• _TO DO_: Your output must hold every entry exactly as written and none of the pictures.

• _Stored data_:

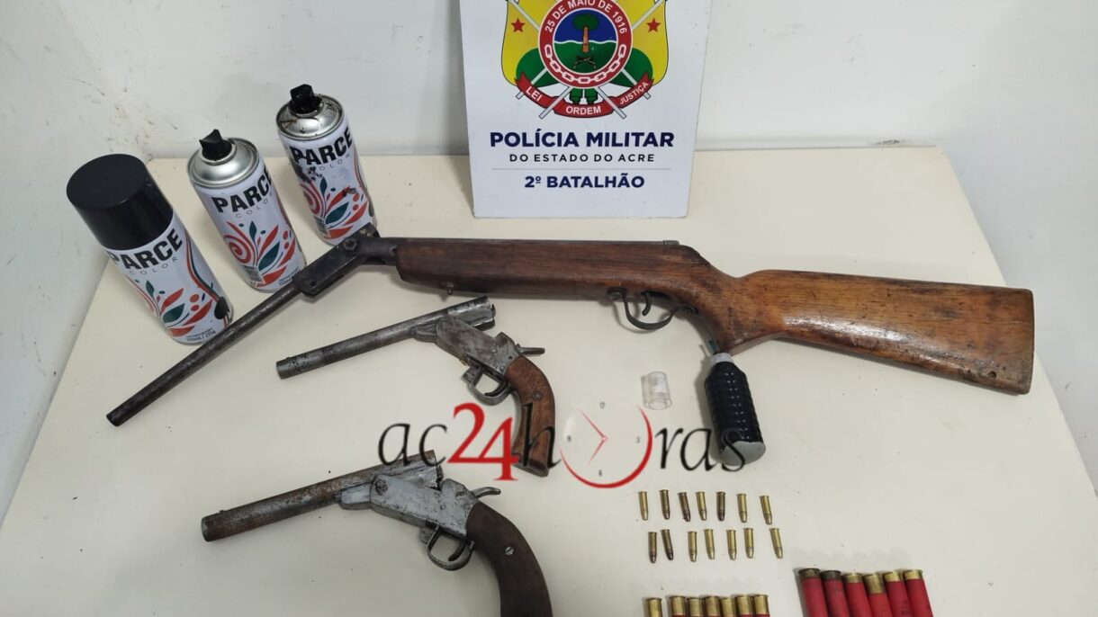 Policiais militares do Tático do 2º Batalhão apreenderam três armas de fogo, munições e uma granada de fabricação caseira durante uma ação de patrulhamento realizada na noite desta quarta-feira (5), na Vila Albert Sampaio, situada no Segundo Distrito de Rio Branco. O armamento foi localizado após indivíduos fugirem ao perceber a presença da guarnição.
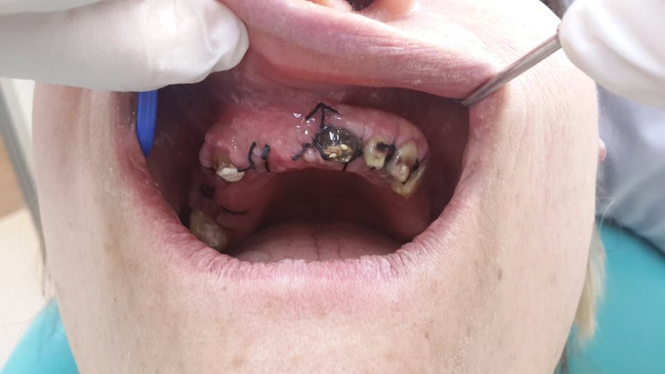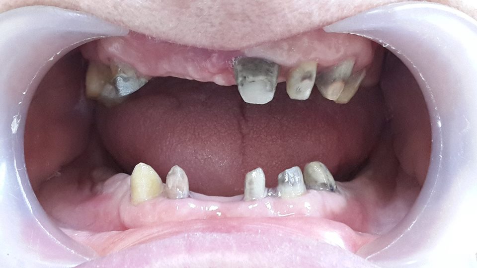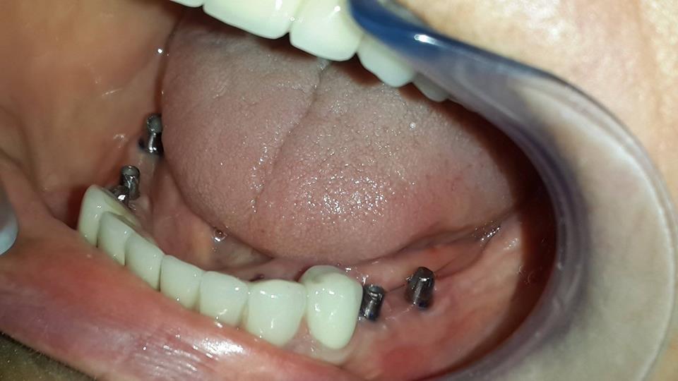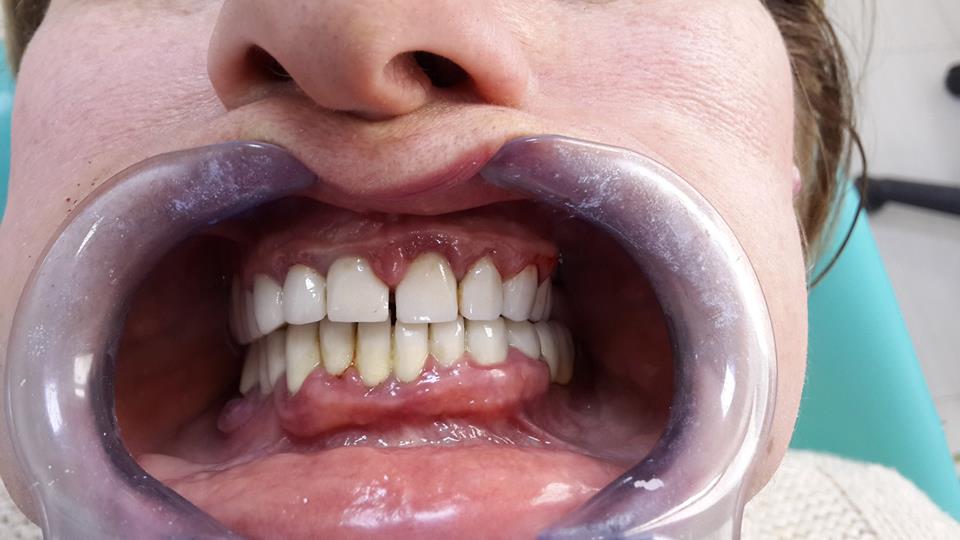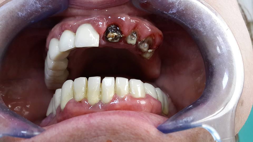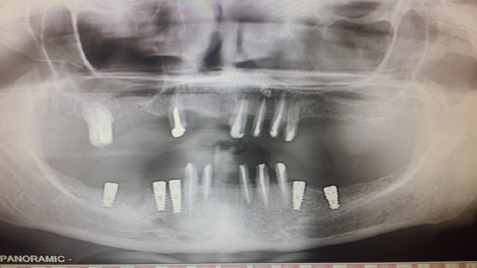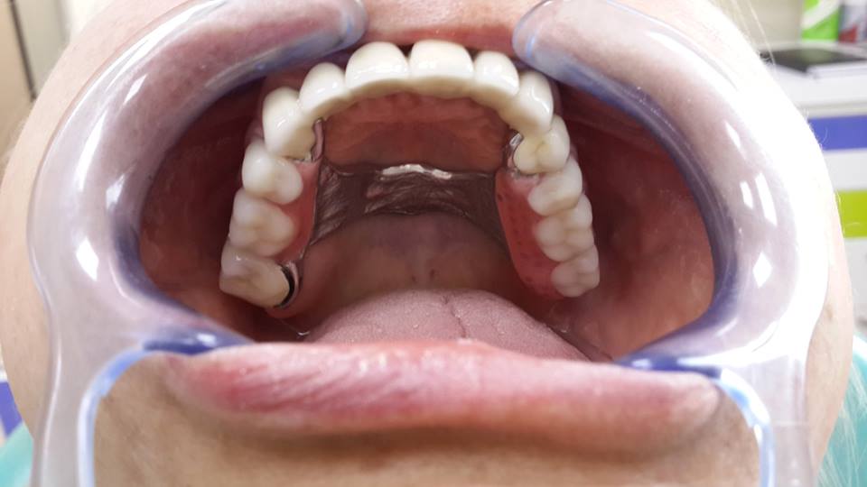 An example of complete rehabilitation of the oral cavity. Treatment included the removal of the old prosthesis, treatment of paradontitis, removal of a large cyst, implantation, clasp prosthesis.
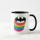 DC Pride | Batman's iconic logo with layers of rainbow colors projected behind it.
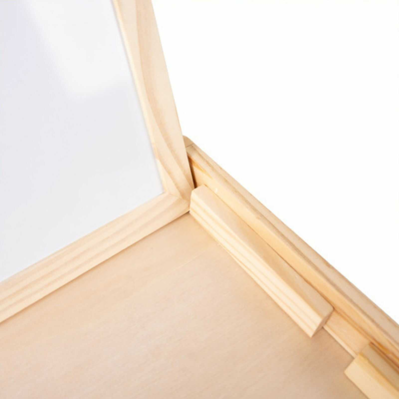 Cutia din lemn functioneaza ca suport pentru tabla si spatiu de depozitare pentru toate accesoriile, mentinand organizarea.
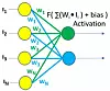 In the following figure, I’ve taken the input layer from the neural network graph above and show these being mathematically munged to next produce output of here only two nodes of a next level — one green, one blue. Again, keep in mind that there are many vertical nodes in the next (and the next and the next) level(s). You’ll notice a function shown there. That function takes each individual input value (Ii), multiplies it by an associated weighting value (Wi) and then adds all these product values together. The addition of a bias value is used as an input to the next level of the network with a last step of the function doing a form of scaling. Said differently, given the green node, it takes as input the values represented by all of the yellow input nodes, multiplies each by an associated green weighting value (Wi), and then adds all of those multiplication products together. After biasing and other functional adjustments, this becomes the output of the green node. So, again, compare this to the overall graph which I am showing again below to get the bigger picture. This is just repeatedly done with each subsequent node, and there are lots of them. And then repeated nearly ad infinitum as more input is provided, with this process resulting in changing these weight values, ultimately leading to a high probability of success at the output.
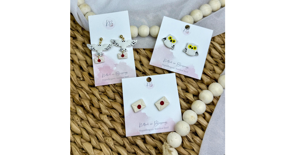 Snowy Owl Earrings | Wizard School Letter, Hypoallergenic Studs
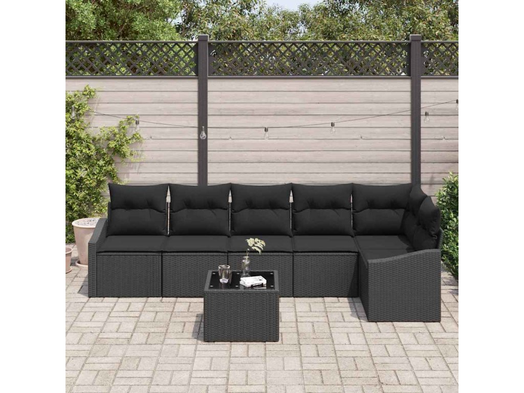 Set pohovek s polštářem 7 pcs Černá polyratan 3346753
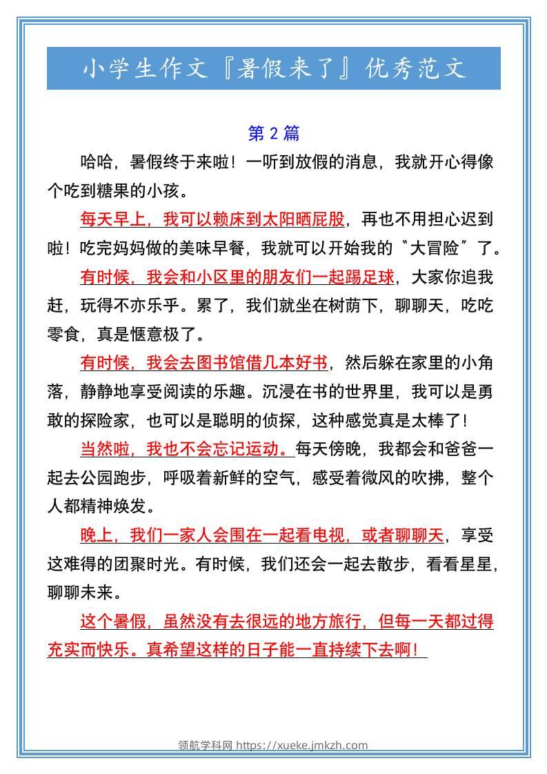 小学生作文『暑假来了』优秀范文-小升初语文青禾老师2个月前发布关注私信09059 ——预览已结束,还剩2页未读——开通会员后可免费下载高清完整文档 小学生作文『暑假来了』优秀范文-小升初语文此内容为付费资源,请付费后查看领航币4.9年度会员免费永久会员免费立即购买您当前未登录!建议登陆后购买,可保存购买订单格式docx页数4 页大小35.68 KB付费资源© 版权声明 1 本网站名称:领航学科网 2 本站永久网址:https://xueke.jmkzh.com/ 3 本网站的资料都来源于用户投稿,仅供大家学习与参考,如有侵权,请联系站长QQ进行删除处理。 4 本站一切资源不代表本站立场,并不代表本站赞同其观点和对其真实性负责。 5 本站一律禁止以任何方式发布或转载任何违法的相关信息,访客发现请向站长举报! THE END小升初 喜欢就支持一下吧点赞9 分享QQ空间微博QQ好友海报分享复制链接收藏
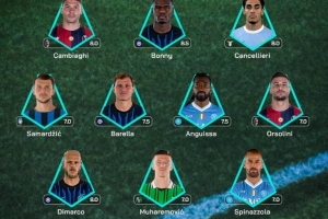 24直播网讯 意甲官方公布第6轮最佳阵容,国米三人入选。门将为AC米兰的迈尼昂,后防由迪马尔科领衔,中场包括巴雷拉、安古伊萨等,前锋则有坎比亚吉、博尼和坎塞利耶里。
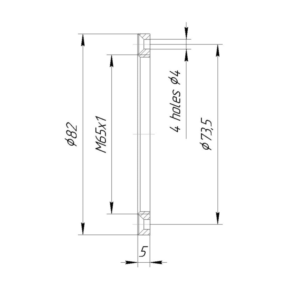 Made of anodized aluminim. Thickness is 4mm. Inner thread is M65x1.
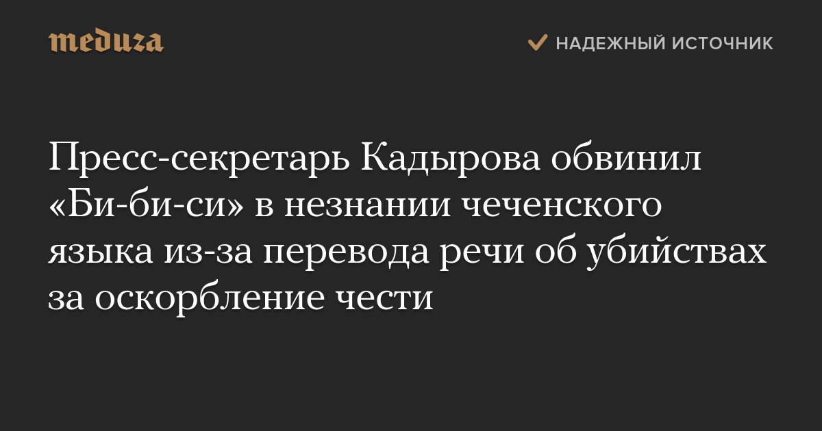 Пресс-секретарь Кадырова обвинил «Би-би-си» в незнании чеченского языка из-за перевода речи об убийствах за оскорбление чести
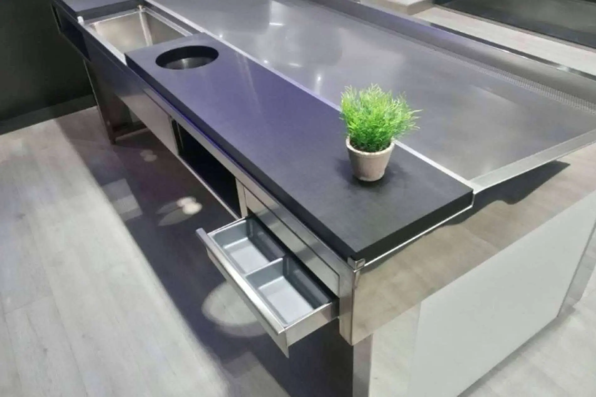 Una de las principales características de los mostradores de pescadería de Inoxamedida es su durabilidad y resistencia. Al estar hechos de acero inoxidable, son altamente resistentes a la corrosión y al desgaste. Esto los hace ideales para su uso en entornos húmedos y con alta exposición al agua, como es una pescadería. Además, el material también es muy fácil de limpiar y mantener, lo cual contribuye a tener un ambiente higiénico en el establecimiento.
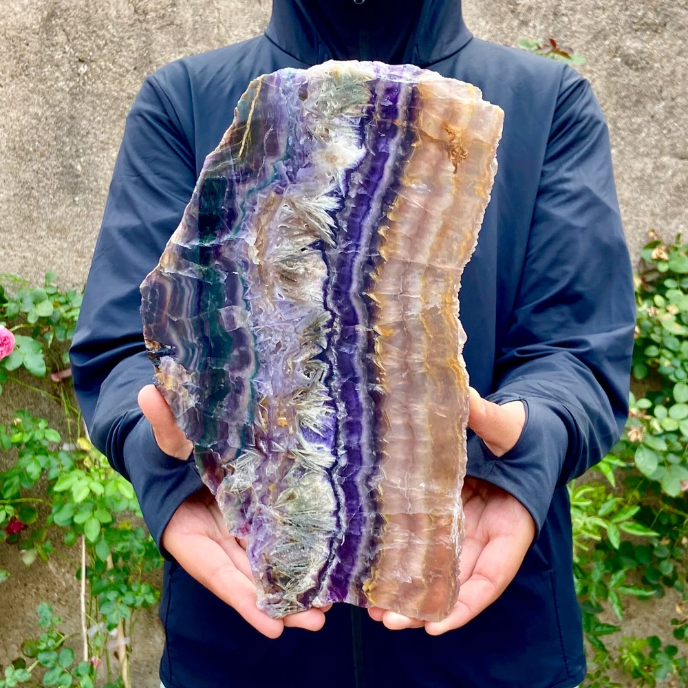 10.4LB Natural banding zebra calcite polished slab crystal reiki healing

• _WORKED SOLUTION_:
 Policiais militares do Tático do 2º Batalhão apreenderam três armas de fogo, munições e uma granada de fabricação caseira durante uma ação de patrulhamento realizada na noite desta quarta-feira (5), na Vila Albert Sampaio, situada no Segundo Distrito de Rio Branco. O armamento foi localizado após indivíduos fugirem ao perceber a presença da guarnição.
 An example of complete rehabilitation of the oral cavity. Treatment included the removal of the old prosthesis, treatment of paradontitis, removal of a large cyst, implantation, clasp prosthesis.
 DC Pride | Batman's iconic logo with layers of rainbow colors projected behind it.
 Cutia din lemn functioneaza ca suport pentru tabla si spatiu de depozitare pentru toate accesoriile, mentinand organizarea.
 In the following figure, I’ve taken the input layer from the neural network graph above and show these being mathematically munged to next produce output of here only two nodes of a next level — one green, one blue. Again, keep in mind that there are many vertical nodes in the next (and the next and the next) level(s). You’ll notice a function shown there. That function takes each individual input value (Ii), multiplies it by an associated weighting value (Wi) and then adds all these product values together. The addition of a bias value is used as an input to the next level of the network with a last step of the function doing a form of scaling. Said differently, given the green node, it takes as input the values represented by all of the yellow input nodes, multiplies each by an associated green weighting value (Wi), and then adds all of those multiplication products together. After biasing and other functional adjustments, this becomes the output of the green node. So, again, compare this to the overall graph which I am showing again below to get the bigger picture. This is just repeatedly done with each subsequent node, and there are lots of them. And then repeated nearly ad infinitum as more input is provided, with this process resulting in changing these weight values, ultimately leading to a high probability of success at the output.
 Snowy Owl Earrings | Wizard School Letter, Hypoallergenic Studs
 Set pohovek s polštářem 7 pcs Černá polyratan 3346753
 小学生作文『暑假来了』优秀范文-小升初语文青禾老师2个月前发布关注私信09059 ——预览已结束,还剩2页未读——开通会员后可免费下载高清完整文档 小学生作文『暑假来了』优秀范文-小升初语文此内容为付费资源,请付费后查看领航币4.9年度会员免费永久会员免费立即购买您当前未登录!建议登陆后购买,可保存购买订单格式docx页数4 页大小35.68 KB付费资源© 版权声明 1 本网站名称:领航学科网 2 本站永久网址:https://xueke.jmkzh.com/ 3 本网站的资料都来源于用户投稿,仅供大家学习与参考,如有侵权,请联系站长QQ进行删除处理。 4 本站一切资源不代表本站立场,并不代表本站赞同其观点和对其真实性负责。 5 本站一律禁止以任何方式发布或转载任何违法的相关信息,访客发现请向站长举报! THE END小升初 喜欢就支持一下吧点赞9 分享QQ空间微博QQ好友海报分享复制链接收藏
 24直播网讯 意甲官方公布第6轮最佳阵容,国米三人入选。门将为AC米兰的迈尼昂,后防由迪马尔科领衔,中场包括巴雷拉、安古伊萨等,前锋则有坎比亚吉、博尼和坎塞利耶里。
 Made of anodized aluminim. Thickness is 4mm. Inner thread is M65x1.
 Пресс-секретарь Кадырова обвинил «Би-би-си» в незнании чеченского языка из-за перевода речи об убийствах за оскорбление чести
 Una de las principales características de los mostradores de pescadería de Inoxamedida es su durabilidad y resistencia. Al estar hechos de acero inoxidable, son altamente resistentes a la corrosión y al desgaste. Esto los hace ideales para su uso en entornos húmedos y con alta exposición al agua, como es una pescadería. Además, el material también es muy fácil de limpiar y mantener, lo cual contribuye a tener un ambiente higiénico en el establecimiento.
 10.4LB Natural banding zebra calcite polished slab crystal reiki healing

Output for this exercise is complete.